Two lines below mark the span: the one containing "Del imam Alí" and the one containing "La poussette pour". Set down both, plus every line between, exactly as they stand, and nothing else.
::: RECORDS SHOWN :::
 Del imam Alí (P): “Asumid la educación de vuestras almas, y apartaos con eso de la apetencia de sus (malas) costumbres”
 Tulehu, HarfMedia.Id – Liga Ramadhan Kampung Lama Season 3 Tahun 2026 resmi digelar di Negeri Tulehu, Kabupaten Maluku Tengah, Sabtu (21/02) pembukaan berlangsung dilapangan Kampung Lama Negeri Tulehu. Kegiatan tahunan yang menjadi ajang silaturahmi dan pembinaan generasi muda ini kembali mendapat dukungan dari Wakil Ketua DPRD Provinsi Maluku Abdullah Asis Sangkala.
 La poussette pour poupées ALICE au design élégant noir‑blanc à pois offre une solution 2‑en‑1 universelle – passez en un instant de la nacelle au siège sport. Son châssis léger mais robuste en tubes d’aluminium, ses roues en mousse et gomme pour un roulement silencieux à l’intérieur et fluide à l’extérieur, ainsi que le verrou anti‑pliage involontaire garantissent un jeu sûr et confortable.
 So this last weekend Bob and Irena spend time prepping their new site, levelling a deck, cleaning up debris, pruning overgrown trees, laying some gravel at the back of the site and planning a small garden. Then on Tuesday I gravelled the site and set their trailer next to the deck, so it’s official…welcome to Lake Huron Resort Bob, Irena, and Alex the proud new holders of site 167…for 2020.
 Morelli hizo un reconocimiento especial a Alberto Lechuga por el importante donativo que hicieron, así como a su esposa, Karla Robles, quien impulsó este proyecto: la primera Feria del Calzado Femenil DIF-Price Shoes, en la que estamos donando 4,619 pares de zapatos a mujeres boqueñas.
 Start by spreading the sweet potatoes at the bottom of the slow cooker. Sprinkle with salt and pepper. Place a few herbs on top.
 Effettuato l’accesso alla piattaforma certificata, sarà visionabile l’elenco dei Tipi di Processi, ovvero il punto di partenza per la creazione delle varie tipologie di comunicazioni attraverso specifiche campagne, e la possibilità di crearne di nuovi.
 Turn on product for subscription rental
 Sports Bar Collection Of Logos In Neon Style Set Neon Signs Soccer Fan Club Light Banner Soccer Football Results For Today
:::
::: RECORDS SHOWN :::
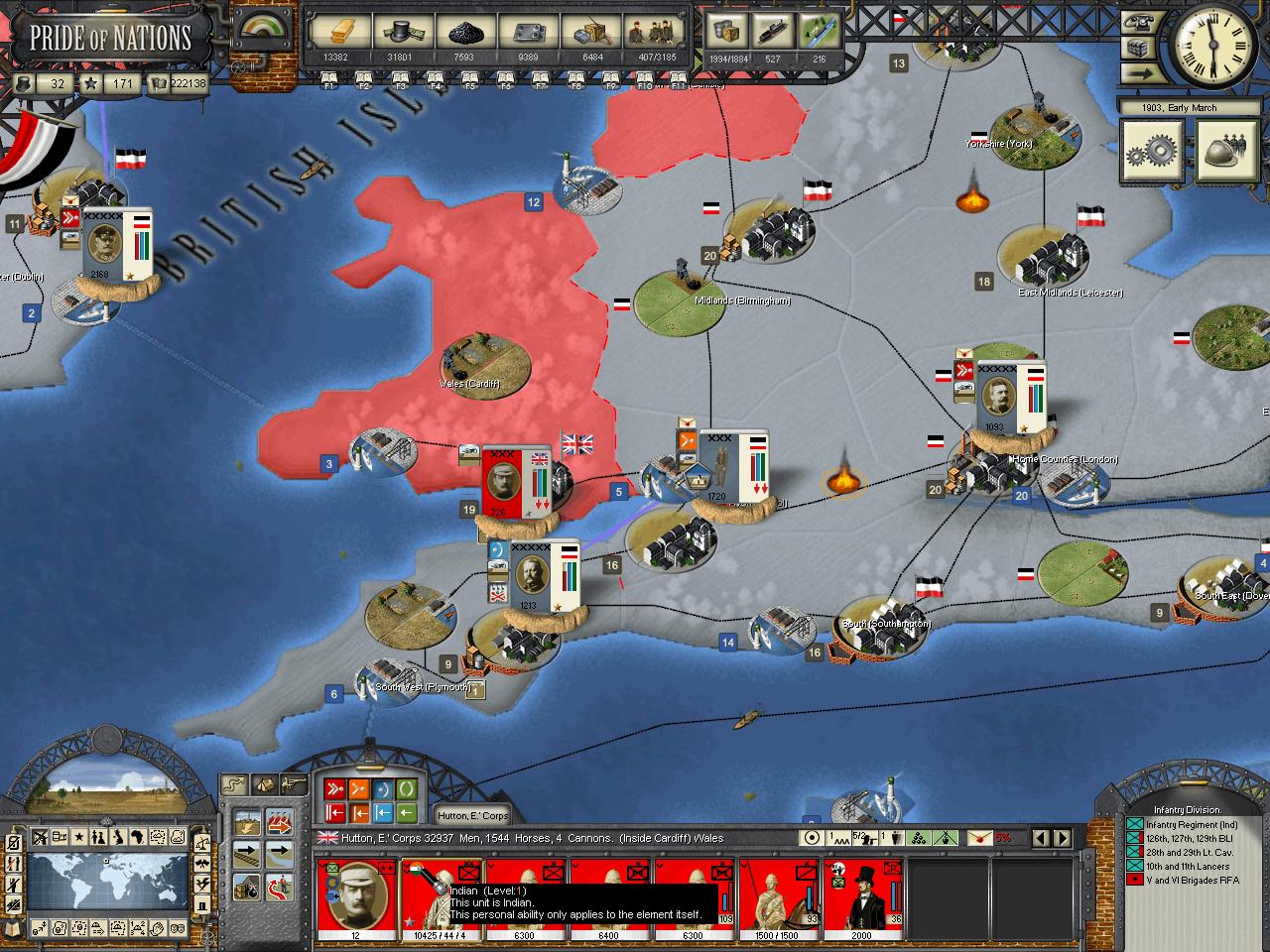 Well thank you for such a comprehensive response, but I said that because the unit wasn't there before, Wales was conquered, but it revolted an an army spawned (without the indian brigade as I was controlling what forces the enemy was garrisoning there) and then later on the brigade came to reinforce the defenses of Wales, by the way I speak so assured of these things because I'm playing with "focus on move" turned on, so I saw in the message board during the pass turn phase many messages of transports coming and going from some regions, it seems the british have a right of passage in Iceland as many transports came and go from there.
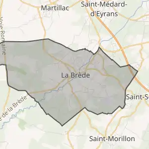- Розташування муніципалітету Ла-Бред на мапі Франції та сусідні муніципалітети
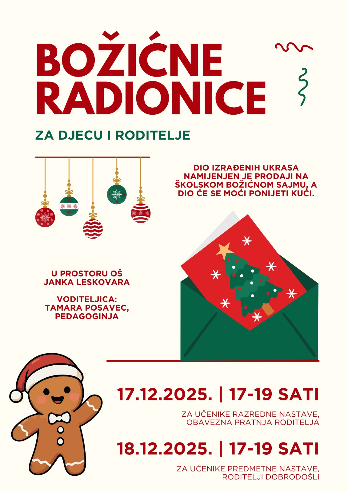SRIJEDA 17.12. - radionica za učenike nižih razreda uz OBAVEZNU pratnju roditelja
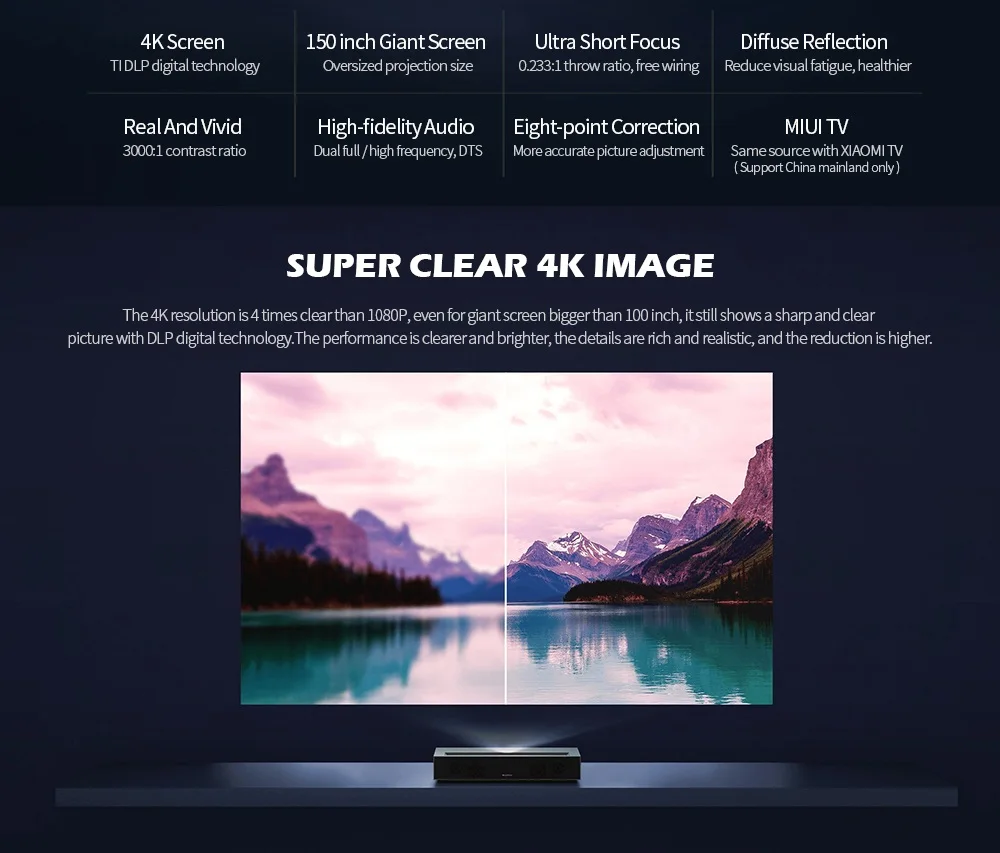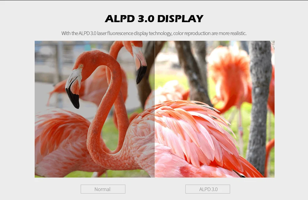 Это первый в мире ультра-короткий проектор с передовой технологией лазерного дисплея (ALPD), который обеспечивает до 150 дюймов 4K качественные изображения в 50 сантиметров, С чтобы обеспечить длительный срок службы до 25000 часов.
:::
::: RECORDS SHOWN :::
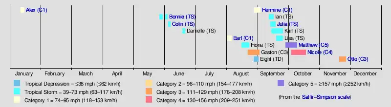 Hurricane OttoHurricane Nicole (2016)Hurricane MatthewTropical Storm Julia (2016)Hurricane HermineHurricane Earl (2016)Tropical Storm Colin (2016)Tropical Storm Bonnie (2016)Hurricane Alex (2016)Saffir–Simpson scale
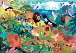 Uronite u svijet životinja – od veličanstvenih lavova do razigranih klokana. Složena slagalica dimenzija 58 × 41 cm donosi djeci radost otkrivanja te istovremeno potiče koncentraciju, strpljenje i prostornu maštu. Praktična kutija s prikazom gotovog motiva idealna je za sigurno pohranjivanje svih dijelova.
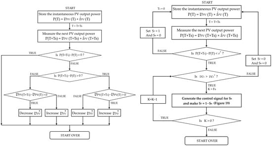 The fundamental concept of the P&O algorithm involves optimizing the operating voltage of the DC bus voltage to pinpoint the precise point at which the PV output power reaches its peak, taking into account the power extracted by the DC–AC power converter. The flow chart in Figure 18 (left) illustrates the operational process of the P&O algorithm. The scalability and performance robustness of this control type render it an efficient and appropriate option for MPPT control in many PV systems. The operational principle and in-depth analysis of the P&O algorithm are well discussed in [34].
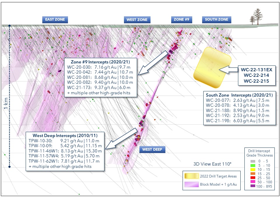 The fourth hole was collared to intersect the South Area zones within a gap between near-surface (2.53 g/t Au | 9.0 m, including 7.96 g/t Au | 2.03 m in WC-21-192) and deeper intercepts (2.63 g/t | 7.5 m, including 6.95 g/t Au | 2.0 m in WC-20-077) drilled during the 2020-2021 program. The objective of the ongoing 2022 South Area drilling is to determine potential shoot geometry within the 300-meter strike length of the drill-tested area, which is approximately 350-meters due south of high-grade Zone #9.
:::
WRITTEN SOLUTION.
 Del imam Alí (P): “Asumid la educación de vuestras almas, y apartaos con eso de la apetencia de sus (malas) costumbres”
 Tulehu, HarfMedia.Id – Liga Ramadhan Kampung Lama Season 3 Tahun 2026 resmi digelar di Negeri Tulehu, Kabupaten Maluku Tengah, Sabtu (21/02) pembukaan berlangsung dilapangan Kampung Lama Negeri Tulehu. Kegiatan tahunan yang menjadi ajang silaturahmi dan pembinaan generasi muda ini kembali mendapat dukungan dari Wakil Ketua DPRD Provinsi Maluku Abdullah Asis Sangkala.
 La poussette pour poupées ALICE au design élégant noir‑blanc à pois offre une solution 2‑en‑1 universelle – passez en un instant de la nacelle au siège sport. Son châssis léger mais robuste en tubes d’aluminium, ses roues en mousse et gomme pour un roulement silencieux à l’intérieur et fluide à l’extérieur, ainsi que le verrou anti‑pliage involontaire garantissent un jeu sûr et confortable.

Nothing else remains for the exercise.